You play doctor better than Dr X! One problem: The Kalium Chloride
is the bad guy; it is extremely caustic, causes a chemical burn to
all tissues it contacts. The pancuronium bromide is toxic, but
minimally compared to the pancuronium.
In all probability they used an intercath, which is a needle used to
puncture, and the plastic catheter threaded on it with needle coming
out. Either can perforate (=infiltrate) the vein, spewing poison out
into the fatty tissue and muscle in the arm. Given approximately 20
milliliters of concentrated solution (a guess on my part) pushed as a
bolus, close to the entire amount will be deposited in the soft
tissue, to be eventually absorbed by an intact vein.
If Dr Hamilton collected any of this fluid, and tested it for both
the pancuronium and the Kalium Chloride. the presence of either or
both would indicate that the infiltration was ante mortem. Of the
perforation happened post-mortem, This assumes that all systems were
go during the execution and : it would not take 34 minutes to kill
Diaz, and no pancuronium or KCl would be found in the fluid, since it
was all washed out with the Sodium Chloride
If he cannot use histochemistry, Dr Hamilton can test for the
presence of kalium easily.
Everyone forgets that the thiopental is not a pain killer; just see
what it does not do to women in labor!
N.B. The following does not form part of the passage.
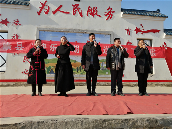 當日上午8時30分,文藝演出伴著舞蹈《開門紅》拉開了序幕。豫劇、道情、舞蹈等節(jié)目依次上演。豫劇《朝陽溝》《清風亭》百姓愛聽,道情《王金豆借糧》接地氣群眾喜歡。臺上演員演出投入,臺下群眾掌聲鼓勵。村民李領(lǐng)說:“在家門口看戲,享受文化大餐,真得謝謝演員們不畏嚴寒,給我們送來這么精彩的文藝節(jié)目。”

Besides, it is a first run
drug, meaning that it does its work starting within one trip around
the blood stream, attaches to the GABA receptors in the brain within
seconds, but leaves almost a quickly with a therapeutic half life of
about 2-4 hours, meaning that it loses its effect in short time. This
prompted North Carolina to give a second dose of thiopental after the
delivery of the pancuronium, when the executions took too long.
To declare that there is nothing medical about killing this way is
like declaring that the Earth is flat. Everything from the equipment
to the poisons used (they all have legitimate medical use, although
barbiturates are being less used), and the drugs are delivered via a
medical procedure. To think that a doctor can look at an EEG in this
setting and determine that the inmate is in pain, is an illusion to
satisfy the Goons attempt to further sterilize the whole thing.
Even if the doctor was able to" see pain", the North Carolina law
forbids him/her from saying so to the executioners.
Florida has gotten itself deeper into a catch-22 and although a total
whitewash is expected, no rational person will believe that Mr Diaz
didn't suffer intensely.
These conclusions are based in part on speculation.